P&H Mining products include:
- Electric mining shovels – with working weights in excess of 1,645 tons / 1,492 metric tons and powered by electric motors linked to planetary and case-type transmissions, P&H electric can move up to 120 tons / 109 metric tons of material every 30 seconds from the mine face into the waiting tray of a nearby haul truck or in-pit crushing-conveying system hopper. P&H shovel dippers range in size from 12 cubic yards / 9 cubic meters up to 82 cubic yards / 63 cubic meters.
- Blast hole drilling rigs – hard rock formations are typically found within surface mining operations and they must undergo drilling and blasting in order to fragment the rock for easier digging, crushing and refining processes within the mine operation. P&H blast hole drilling rigs apply either electricity or diesel power to obtain three forces needed to advance a tri-cone drill bit into hard rock: “pulldown” or downward bit-loading force, high-torque rotary force, and large volumes of “bailing air” needed to cool the tri-cone bit and evacuate or push rock chips, particles and dust toward the top of the tubular blast hole. When a grid of blast holes has been drilled, each hole is loaded with explosives and then carefully detonated in order to shatter and fragment the rock formation with a high-energy shock wave.

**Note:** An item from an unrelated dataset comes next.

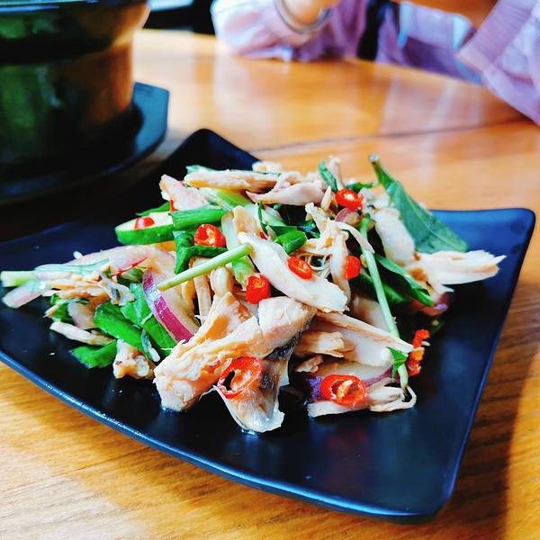 我点的是老母鸡汤米线,团购价18元,还赠送傣味鸡丝小菜,这个汤头实在太好喝了,鲜香可口,汤头浓郁,鸡香味儿十足,米线口感不错,赠送的小菜口味地道,挺傣味的!💰人均

Drills typically work ahead of advancing shovel-truck fleets in surface mine operations.
- Walking draglines – with working weights in excess of 6,000 tons / 5,440 metric tons and powered by large electric motors, a dragline excavator rests on large, flat, cylindrical steel “tubs” and equipped with football field-length booms and buckets large enough to hold several sport utility vehicles, walking draglines use hoist, swing and drag forces to cast their buckets out to the next targeted area from which earth needs to be gathered up and moved. They then apply inward “drag” force to quickly load the bucket, and then hoist and swing forces to cast-dump the material onto a nearby spoil pile. Draglines are used primarily to strip large volumes of overburden away from thick seams of coal. They are also a prime mover in phosphate mining operations.
- In-pit crushing-conveying systems – P&H is developing in-pit crushing-conveying systems that enable shovels to load a mobile mining crusher with material. That material is then relayed via a series of conveyors to spoil piles elsewhere in coal mine operations before the mine taps those spoil piles later on to reclaim mined lands.

P&H Mining Equipment provides a network of P&H MinePro services mine operations service support workshops, warehouses and teams of mechanics, electricians and welders. MinePro provides life cycle management support for P&H and other brands of mining equipment.